Слава Богу, денежки завелись, так что можно покочевряжиться, выбирая. Кроме того, Михель, как человек, в морских делах неопытный, предпочитал всю подготовительную работу провести на берегу: узнать от излишне откровенных под влиянием рома моряков, какая команда донельзя недовольна своим капитаном, шкипером или патроном, кто из них не прочь поменять флаг и род занятий, раззадорить и сплотить таких недовольных в послушную стаю, чтобы там, в далёком море, хватило пары слов для переселения в капитанскую каюту.

Изредка, правда, Михеля пробирала дрожь, что кольцо царицы Чумы, как он продолжал считать, с ним в одном городе, куда он, кстати, сам его и доставил. Значит, жди большой Беды.

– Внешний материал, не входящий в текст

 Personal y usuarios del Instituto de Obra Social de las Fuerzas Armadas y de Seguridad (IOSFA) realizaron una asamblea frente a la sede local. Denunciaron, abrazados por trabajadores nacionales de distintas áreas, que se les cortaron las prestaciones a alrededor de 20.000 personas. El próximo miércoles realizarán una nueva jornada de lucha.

Посему, продирая утром глаза, Михель первым делом, выглядывал в окно, каждый раз обмирая сердцем в ожидании чёрного знака[186]186
  Чёрного знака беды – чёрный флаг вывешивался как знак карантина в случае эпидемии.


[Закрыть]
.

Иногда нестерпимо тянуло к знакомой лавчонке: попытаться сторговать заветное колечко обратно. Михель даже воочию представил, как перепуганный хозяин с ужасом отшвыривает перстень, когда узнает, при каких обстоятельствах Михель им завладел. Мелькнула даже мысль сделать его «вечно возвращающимся», как в какой-то сказке, но он тут же её отверг: ведь рано или поздно такая штучка обратится против своего хозяина. И Михель понял, что окончательно успокоится, когда между ним и зловещим перстнем будет дней пятьдесят солёной воды.

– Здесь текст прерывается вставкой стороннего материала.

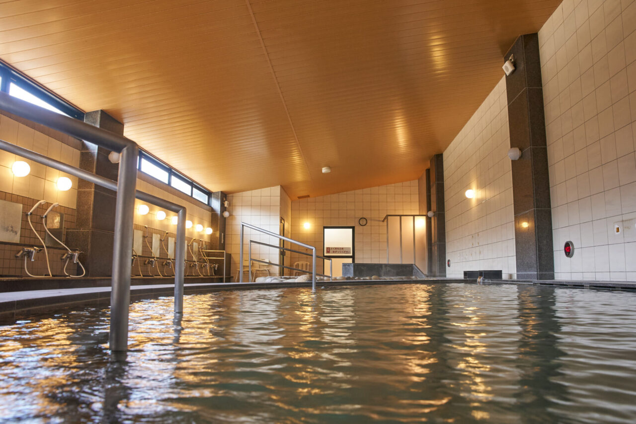 「おふろcafé あげき温泉」は、肌ざわりがやわらかく、赤ちゃんから年配の方まで安心して入浴できるアルカリ性の天然温泉。

Не привыкнув иметь на руках столь большие суммы, Михель щедро швырял денежки направо и налево, твёрдо помня, что скопидомство не входит в число ландскнехтских добродетелей. Стал и поигрывать помаленьку, и опять же с целью за игрой выведать что-нибудь стоящее. Впервые в жизни он оказался совершенно свободным. Ни работать на земле, ни трудиться на поле брани, ни топать в тревожную неизвестность, ни мёрзнуть в карауле, ни торчать на аппеле. Даже ломать голову, где бы поесть-выпить хотя бы раз в день, не надо. И Михелю этот отпуск внезапно жутко понравился. Так ведь у «морских братьев» и должна быть столь славная житуха. Сходил в море – утопил зазевавшегося купчишку – поделил добычу по справедливости – гулевань на бережку.

Решено: сижу на месте, пока в кармане плюхается хоть один дукат. И если так и не подвернётся ничего подходящего – на первый борт и как в омут головой. Так полагал Михель, но жизнью людской заобычно распоряжается его всемогущество Случай...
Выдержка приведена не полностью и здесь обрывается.